– LUKE 12:49-57
– Fr Fernando Armellini SCJ
Claretian Publications, Macau
What is the fire that Jesus came to bring on earth (v. 49)? Why does he say of not coming to bring peace, but rather division (v. 51)? Today’s Gospel combines a series of rather enigmatic sayings of the Lord.
Let’s start with the images of fire and baptism (vv. 49-50). After the flood the rainbow appears in the sky, a symbol of peace restored between heaven and earth. God swears: “Never again will all life be cut off by the waters of a flood, and never again will there be a flood to destroy the earth” (Gen 9:11). From this promise, a conviction is born and spreads in Israel that, to cleanse the world of iniquity, God would no longer use water, but fire: “For by fire will the Lord execute judgment … against all mortals” (Is 66:16). The Baptist also announced the coming of the Messiah with threatening words: “He will baptize you in the Holy Spirit and fire … . The chaff he will burn in everlasting fire” (Mt 3:11-12). Jesus also speaks of fire and, after him, almost all the authors of the New Testament.
What is it about? It is natural to think of the final judgment and eternal punishment that awaits the wicked. Not so fast! Maybe the Baptist and the disciple James and John imagined it so. The two brothers wanted to call down fire from heaven against the Samaritans (Lk 9:54), but surely not Jesus.
The fire of God is not intended to destroy or torture those who made mistakes. It is the instrument with which he wants to destroy evil and purify us from sin.

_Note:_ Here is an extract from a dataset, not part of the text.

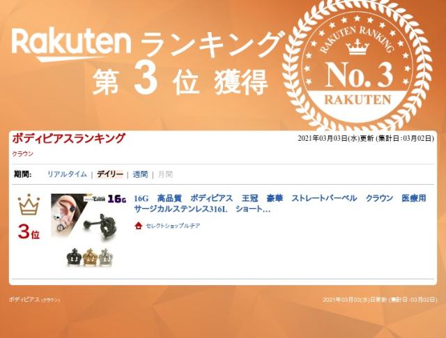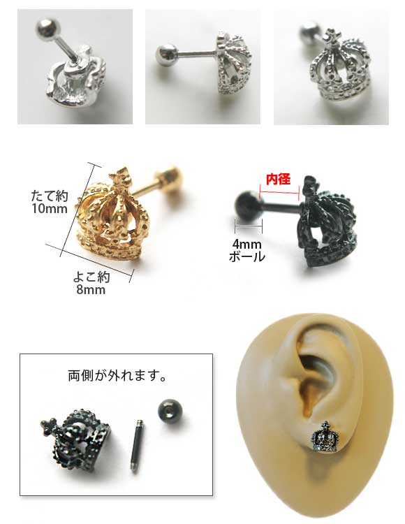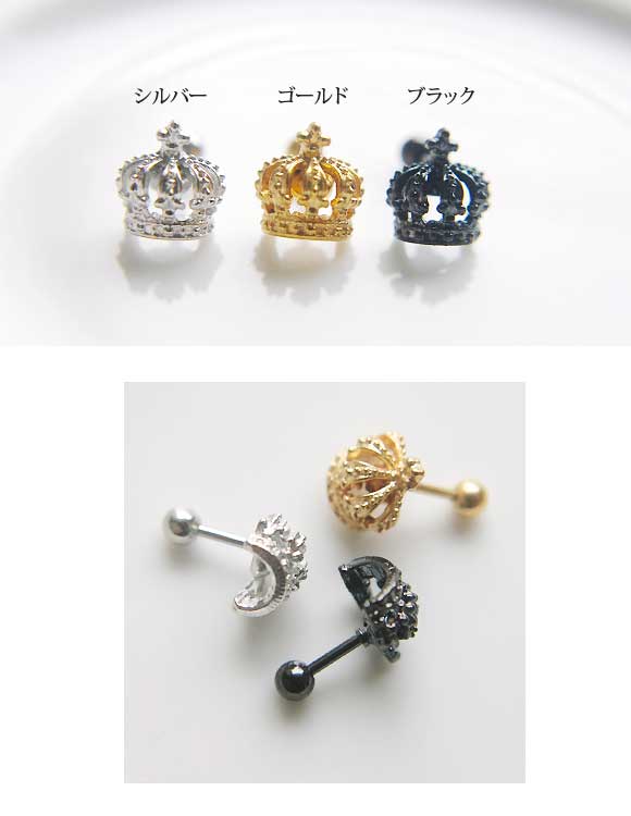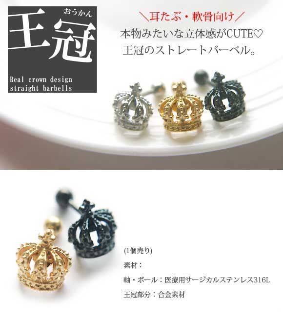 本日P2倍 16G ピアス ボディピアス ストレートバーベル 王冠 豪華 クラウン 金属アレルギー対応 316L 高品質 ステンレス 軟骨ピアス

Now we can make sense of the exclamation of Jesus: “How I wish it were already kindled!” (v. 49). It is the expression of his burning desire to see the weeds are soon destroyed. Malachi announced: “The day already comes, flaming as a furnace. On that day all the proud and evildoers will be burned like straw in the fire” (Mal 3:19). Jesus looks forward to the realization of this prophecy. He already sees the rising of the new world wherein there will be no more space for the wicked. These will disappear, destroyed by the irresistible flame of his love.
The message of Jesus is a fire and—logically—who has the goods to be protected, buildings to be preserved is not keen to see the arsonists. The Gospel is a burning torch that wants to reduce to an immense fire all the unjust structures, the inhuman situations, discrimination, greed of money, the frenzy of power.
Who feels threatened by this “fire” does not remain passive. He opposes by all means. He reacts violently because he wants to perpetuate the world of sin. It is at this point that the first misunderstandings burst, then division and conflict, finally persecution and violence.
Union is not always good and should be approved. Union must be sought from the Word of God, from the truth. Peace founded on lies and injustice, cannot be favored. It must at times provoke, with much love and without offending anyone, healthy divisions.
One must not confuse hatred, violence, offensive, and arrogant words—which are incompatible with the Christian choice—with the honest challenge, disagreements that arise from new, evangelical proposals. These are needed, even if painful, especially when involving members of the same family.